ARC-20 enrolled patients with ccRCC and other advanced solid tumors who had at least 1 measurable lesion by RECIST 1.1 criteria and acceptable organ and bone marrow function.1,3 The trial utilizes a 3+3 design with a 21-day DLT window.1 In the dose-escalation phase, single-agent casdatifan is under evaluation at doses ranging from 20 mg once daily to 200 mg once daily.
In the dose-expansion phase, patients with second-line or later ccRCC (n = ~30/cohort) are given the drug at 50 mg twice daily, 50 mg once daily, and 150 mg once daily; the cohort examining dosing of 100 mg once daily is enrolling. The agent given at 100 mg once daily is also being explored in combination with cabozantinib (Cabometyx) in this population; this cohort is also enrolling.
The primary outcomes of the study are to evaluate adverse effects (AEs) and DLTs, and secondary outcomes include ORR and PK/PD profile of the drug.
Patients included in the analysis who received casdatifan at 50 mg twice daily had metastatic ccRCC that had progressed on at least 2 prior lines of treatment, including both a PD-1 and TKI inhibitor (n = 33). The median patient age was 62 years (range, 41-79) and 76% were male. Fifty-two percent of patients had an ECOG performance status of 1 and the remainder had a status of 0. With regard to International Metastatic Renal Cell Carcinoma Database Consortium risk score, 27% were favorable risk, 61% were intermediate risk, and 6% were poor risk; this information was unknown for 6% of patients.
Patients were heavily pretreated with 6%, 42%, 24%, and 27% of patients having previously received 1, 2, 3, or 4 or more lines of therapy, respectively. Moreover, 39%, 36%, 9%, and 15% of patients had received 1, 2, 3, or 4 or more regimens with any VEGFR TKI, respectively. Fifteen percent had received prior mTOR treatment.

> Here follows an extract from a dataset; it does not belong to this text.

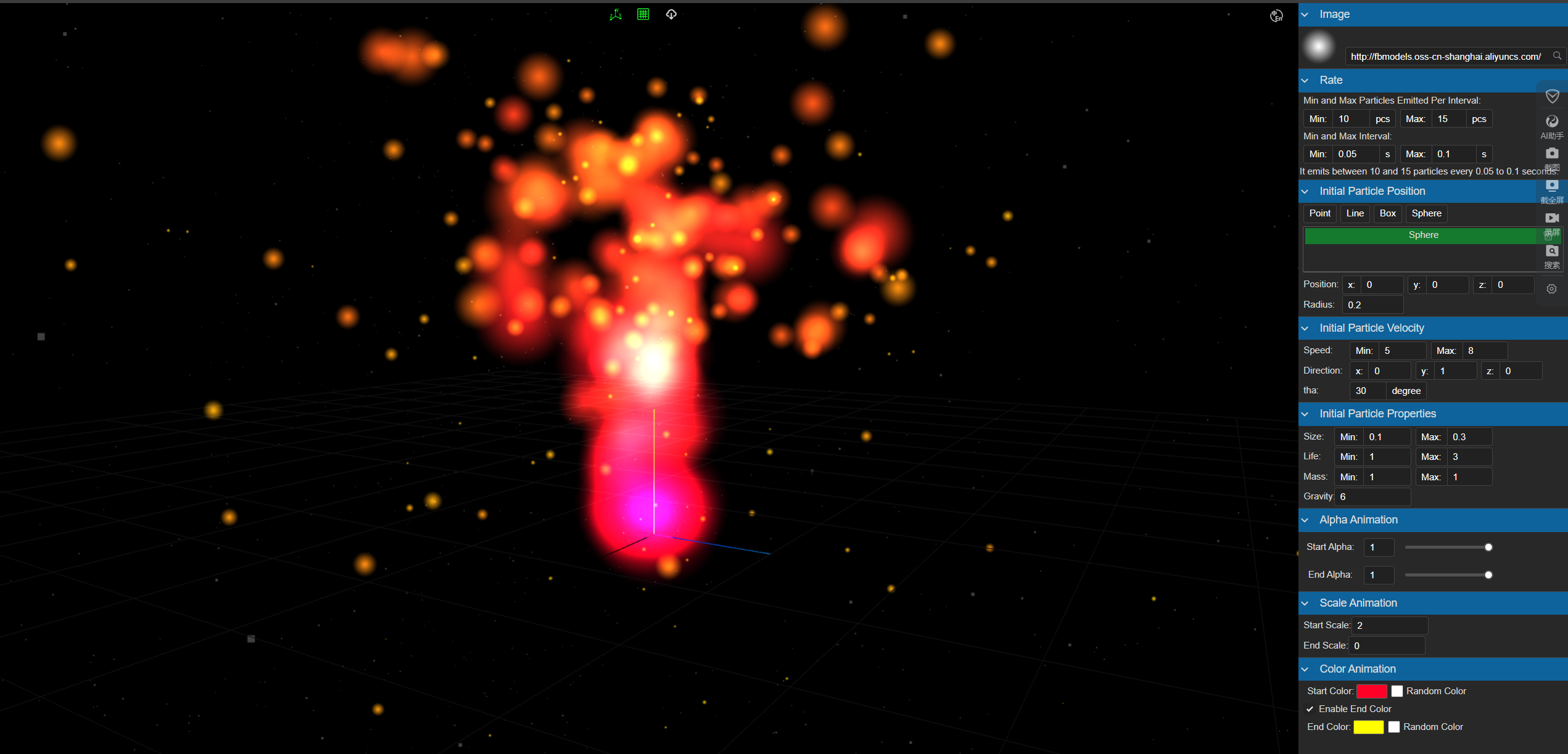通过这个项目,用户可以导入由我们自定义的ParticleDesigner在线编辑器生成的JSON文件。该编辑器允许用户以直观的方式设计和自定义粒子效果,从简单的爆发到复杂的动画。一旦JSON文件被加载,粒子效果就会使用Three.js进行3D图形渲染,并使用Three.Proton.js进行粒子系统管理,在浏览器中实时呈现。

Additional data from the dose-expansion phase showed that treatment with casdatifan showed a trend of reduction in target lesion diameters.
When looking at efficacy in the group of patients who received the agent at 50 mg once daily (n = 28), at a median follow-up of 8 months (range, 4-10+), the ORR was 25.0% (90% CI, 10.7%-44.9%). The confirmed ORR was 21.4% (90% CI, 8.3%-41.0%). The time to response was 4 months (range, 1.3-4.1). The DCR was 85.7% (95% CI, 67.3%-96.0%). Lastly, the median PFS was not reached and 14.3% of patients had progressive disease.

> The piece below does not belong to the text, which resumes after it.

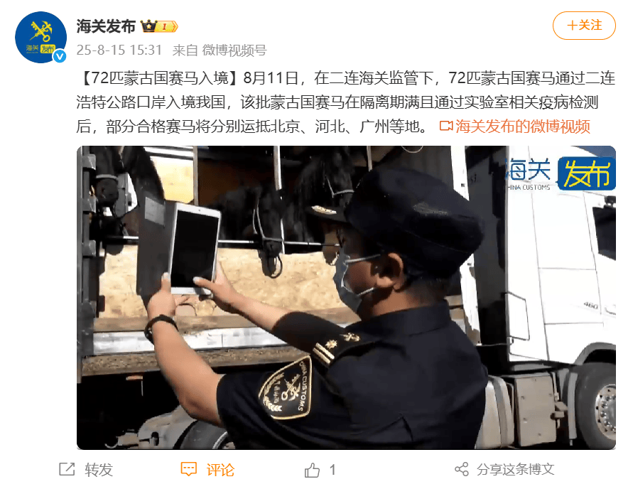 ●8月15日,《海关发布》微博发布视频《72匹蒙古国赛马入境》。(二连海关供稿)

In the dose-escalation phase, the median treatment duration in those who received the agent at 50 mg twice daily (n = 6) was 2 months (range, 1-13). All patients experienced any treatment-emergent AEs (TEAEs), 83% of which were related to casdatifan. No TEAEs led to discontinuation for this group. TEAEs of interest related to the drug included anemia (83%) and fatigue (50%). Half of patients experienced serious TEAEs none of which were grade 4 or higher.

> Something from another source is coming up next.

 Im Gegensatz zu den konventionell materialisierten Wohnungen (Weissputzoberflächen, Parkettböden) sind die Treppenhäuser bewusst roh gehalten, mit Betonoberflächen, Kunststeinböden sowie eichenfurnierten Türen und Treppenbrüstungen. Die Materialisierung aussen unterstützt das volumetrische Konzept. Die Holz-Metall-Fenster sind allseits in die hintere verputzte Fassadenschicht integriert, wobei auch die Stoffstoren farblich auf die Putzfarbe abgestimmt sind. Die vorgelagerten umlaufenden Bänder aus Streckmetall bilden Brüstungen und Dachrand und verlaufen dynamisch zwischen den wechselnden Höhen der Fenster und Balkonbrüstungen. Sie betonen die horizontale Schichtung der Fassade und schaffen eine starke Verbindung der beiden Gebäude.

In the expansion phase, 97% of patients in the 50-mg twice daily group (n = 33) experienced any TEAEs, 94% of which were related to the study drug. Any grade 3 TEAEs were reported in 45% of patients and 42% of them were related to casdatifan. Serious TEAEs occurred in 12% of patients, 3% of which were related to study treatment. All-grade anemia occurred in 85% of patients, with 36% of patients experiencing grade 3 anemia. This toxicity led to interruptions or reductions for 33% and 6% of patients, respectively. All-grade hypoxia occurred in 15% of patients and 9% of patients experienced grade 3 events. Hypoxia led to dose interruptions or reductions for 12% and 3% of patients, respectively.
“These data demonstrate the therapeutic potential of casdatifan as a potential best-in-class HIF-2α inhibitor and support further development of casdatifan in ccRCC,” the study authors concluded.